Taking its title from William Wordsworth’s “She Was a Phantom of Delight,” it’s about Martha Kivelsen, one member of a two woman team exploring the surface of Io. Her lander companion, Juliet Burton, dies in an accident, but “she” continues to talk to Martha as she trudges along the dangerous surface of the moon back to the lander, hoping to reunite with Jacob Hols and the orbiter. Apparently, Io is an intelligent “machine” that was artificially created by “Mobile. Intelligent. Organic. Life.” (328). It accesses Burton’s memories of poetry and experience, and uses this in its attempts to communicate with Kivelsen.
I wonder if his choice to make the two planetary explorers female was done deliberately and if so, for what purpose? Kivelsen describes herself as also shooting for second place. She’s always on the crew, but never the commander. However, she misses her many accomplishments like being a space explorer and competing in the Olympics. Though, she could represent women in general as always falling short of first place in the male hegemony.
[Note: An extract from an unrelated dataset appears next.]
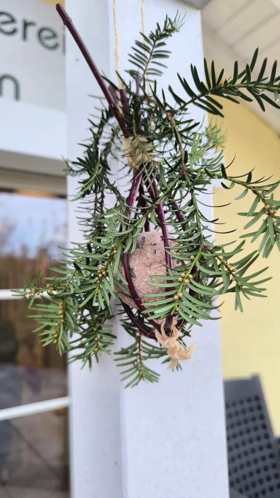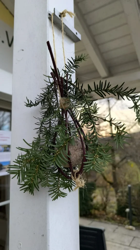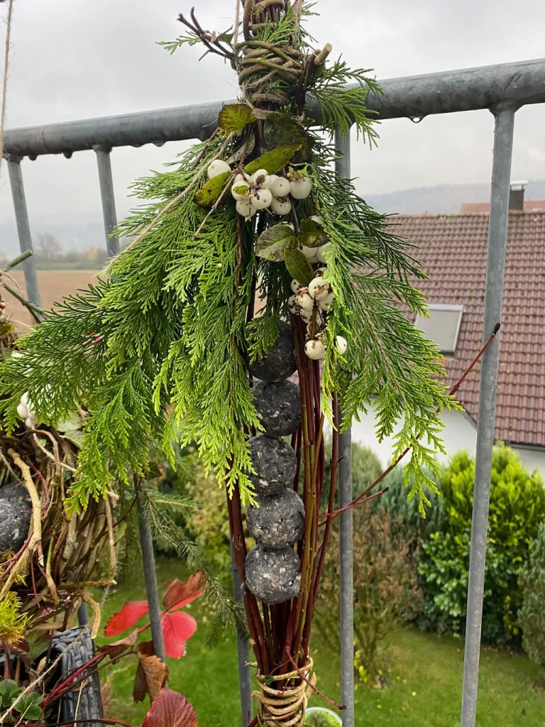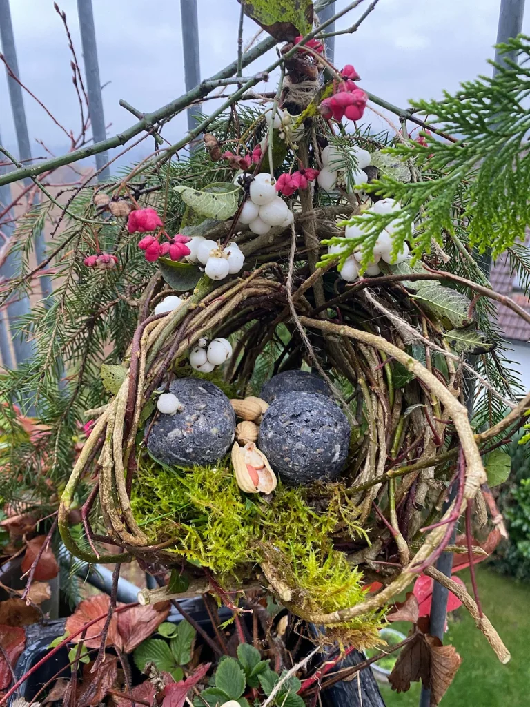 Natürliche Materialien, wie wir sie genutzt haben – Zweige, Moos, Beeren, Zapfen – sind nicht nur dekorativ, sondern bieten Vögeln zusätzlich Deckung und wirken wie kleine natürliche Futterstationen.

This is made more poignant by her female commander’s death even before the story begins. Her choice at the end of the story is foolhardy, but it gives her power over her destiny as well as that of Burton’s.
Other themes explored in the story include the nature of identity and the encoding of self in a machine thereby becoming the “deus ex machina.” Also, Swanwick’s creative use of electrical charge and the surfur dioxide composition of the surface is particularly inventive.
I found the story in The Mammoth Book of Best New SF 12, but it can also be found in Swanwick’s Tales of Old Earth. Rush out and read this story!